Categories: India

Don’t acquire fertile land, say Lok Sabha MPs

Fertile land should not be acquired and instead waste land should be used for industrial development, MPs from various parties said today while supporting the land acquisition bill during a discussion in the Lok Sabha.

The members said the consent of the farmer was key in any land acquisition and suggested that fair compensation should be paid to him.

The land acquisition and rehabilitation bill seeks to give fair compensation to those who lose their land. The bill seeks to replace an almost 120-year-old law enacted in 1894 during the British rule.

Samajwadi Party chief Mulayam Singh Yadav said: “Don’t acquire fertile land. Instead use waste land to develop industry.” 

Terming the bill anti-farmer, Bahujan Samaj Party member S.S. Nagar said: “Change of land use is a controversial point.”

Noting that “the SEZ was a big scam”, Janata Dal-United leader Rajeev Ranjan said: “It is a toothless bill. The fertile land should not be acquired.”
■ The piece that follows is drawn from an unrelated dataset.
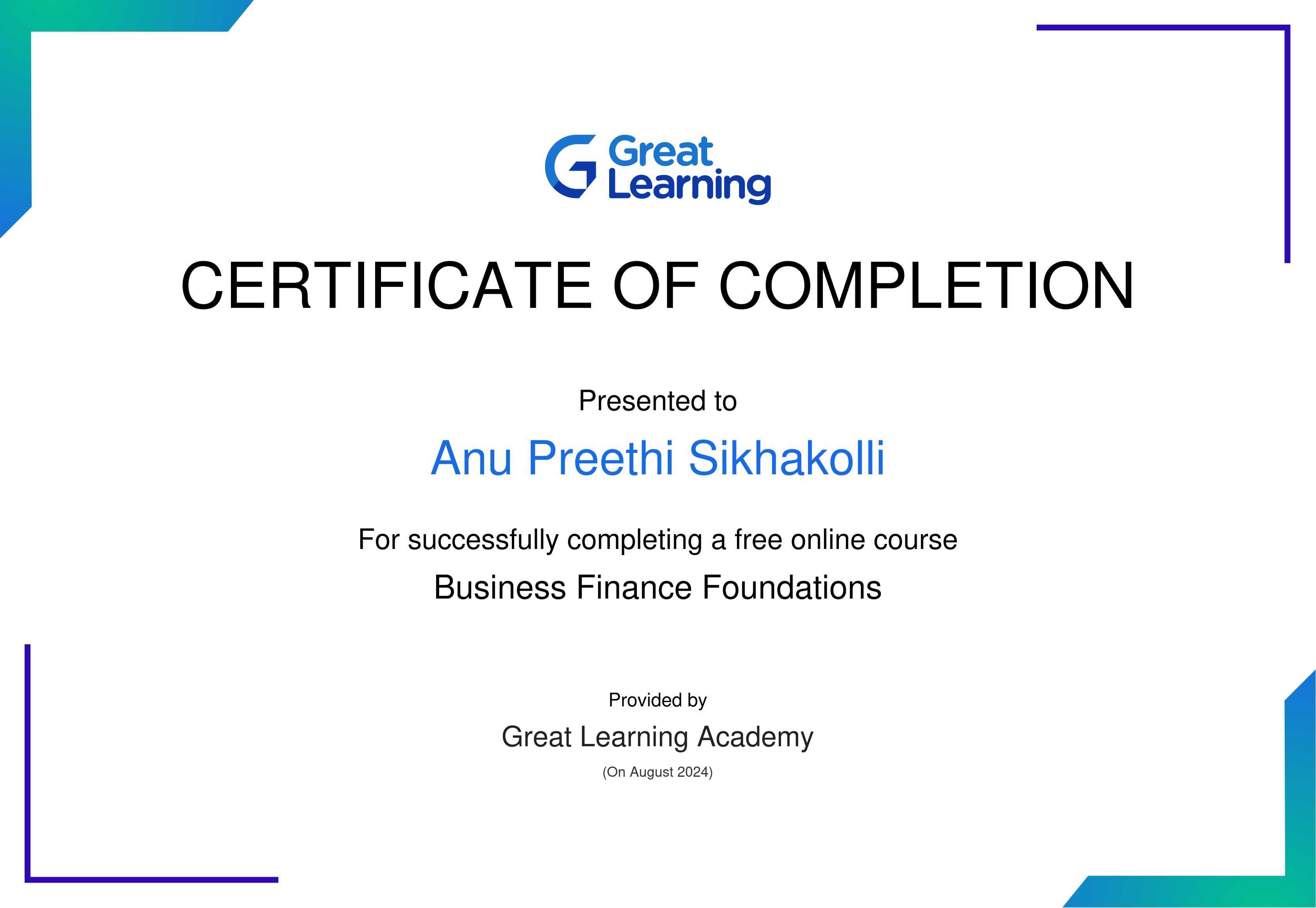 The certificate above verifies that Anu Preethi Sikhakolli has successfully completed the course Business Finance Foundations

Trinamool Congress member Sudip Bandyopadhyay said the earlier “draconian” law was applied on farmers of Nandigram and Singur and “how they fought under the leadership of Mamata Banerjee is history”.

This led to protests from the Left party members.

Bandyopadhyay thanked Rural Development Minister Jairam Ramesh for making efforts to make the bill acceptable.

He, however, said that his party was totally opposed to the forcible takeover of land from farmers.

“We believe 100 percent land should be purchased by private groups. Industries should be set up on mono-crop land or barren land only,” he said.

The Trinamool Congress leader said the new bill was a necessity of the hour.

DMK member T.K.S. Elangovan also supported the bill.

Communist Party of India-Marxist member Basudeb Acharia said the bill when enacted would be a draconian law.

“There was no forced acquisition in Singur and Nandigram. Not a single inch of land was acquired in Nandigram. There is a difference between announcement and acquiring,” he said, countering the Trinamool charge.

The Trinamool and Left members then had a heated exchange.

Acharia said: “Many good proposals are not there in the present act which was enacted during the British rule. Social impact assessment, resettlement, compensation… these were not there.

“The act ignores share-croppers,” he said.

“We wanted that there should be a comprehensive act. Nobody is there to listen to the problems of the farmers. When this bill is converted into an act it will be draconian.”

According to Acharia: “The bill says that in case of urgency and exigency any land can be acquired. After this no environmental and social assessment will be done. That means 80 percent of land will be acquired using this provision. The minister should clarify this to the house. Our agricultural land is gradually disappearing.”

Bharatiya Janata Party president Rajnath Singh earlier said: “We feel that if the farmer does not agree to acquisition of land under agriculture, it should not be done under any provision.”